Ceremonial Rite of Passage
A ceremonial rite of passage defined by Arnold Van Gennep, defines our design scope.
A rite of passage occurs with these elements in the following order:
- separation
- liminality
- incorporation.
Our scenario design will require us to make a place that will enable participants to undergo a rite of passage according to Van Gennep’s definition.
Guiding Principle
Kurt Vonnegut – Abolition of linearity in story telling in his novel titled Breakfast of Champions (1973).

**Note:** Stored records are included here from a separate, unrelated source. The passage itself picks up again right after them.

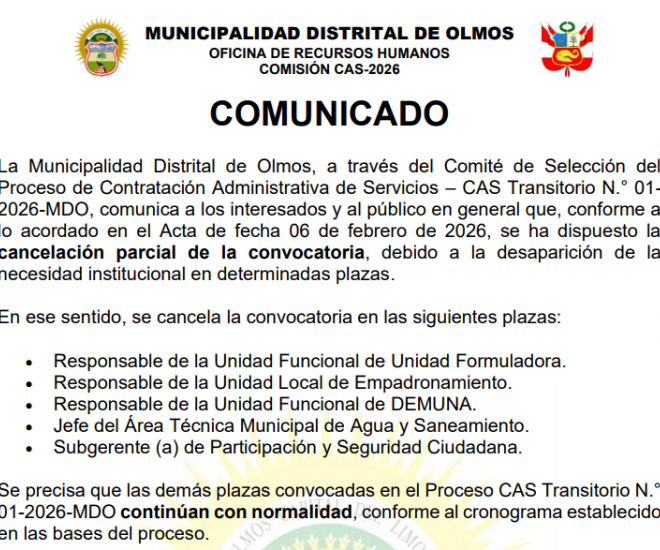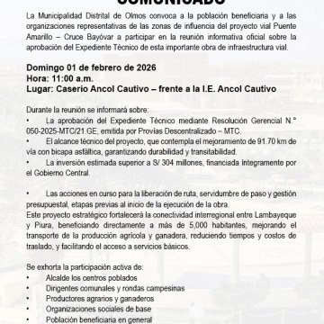 Queridos vecinos y vecinas del Distrito de Olmos,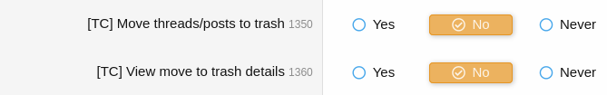 • Logging the movement of threads/posts to the trash by moderators
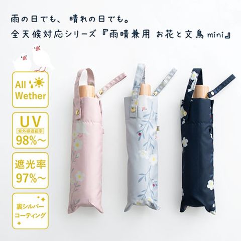 三国 MKN シルバーコーティング 雨晴兼用 55cm耐風楽ミニ傘 お花と文鳥 グレー S2712103 【同梱不可】[▲][AS]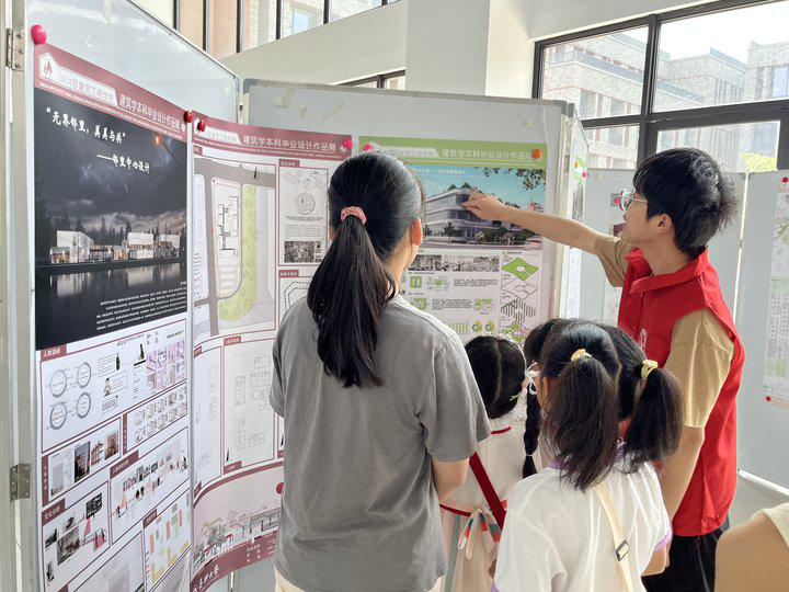 随后,在“童眼看世界”趣味小课堂上,建工公司志愿者们为孩子们生动地讲述了中国建筑的历史与奥妙,带领孩子们领略了公司图书馆建筑风采。孩子们纷纷拿起画笔,描绘出自己心中的大学。志愿者们还带领孩子们参观了公司2024届毕业生毕业设计展。

“Once I understood what was making America such a dangerous, unhappy nation of people that had nothing to do with real life, I resolved to shun storytelling. I would write about life. Every person would be exactly as important as any other. All facts would also be given equal weightiness. Nothing would be left out. Let others bring order to chaos. I would bring chaos to order, instead, which I think I have done. If all writers would do that, then perhaps citizens not in the literary trades would understand that there is no order around us, that we must adapt ourselves to the requirements of chaos instead. It is hard to adapt to chaos, but it can be done. I am living proof of that: It can be done.”
Ceremony Concept
The Rite of Passage ceremony for SMALLab is designed with an overarching protocol that all participants are expected to follow from start to finish. This states that all the members of the ceremonial gathering must cooperatively work together to build a structure regardless of how the ceremony changes throughout the course of time.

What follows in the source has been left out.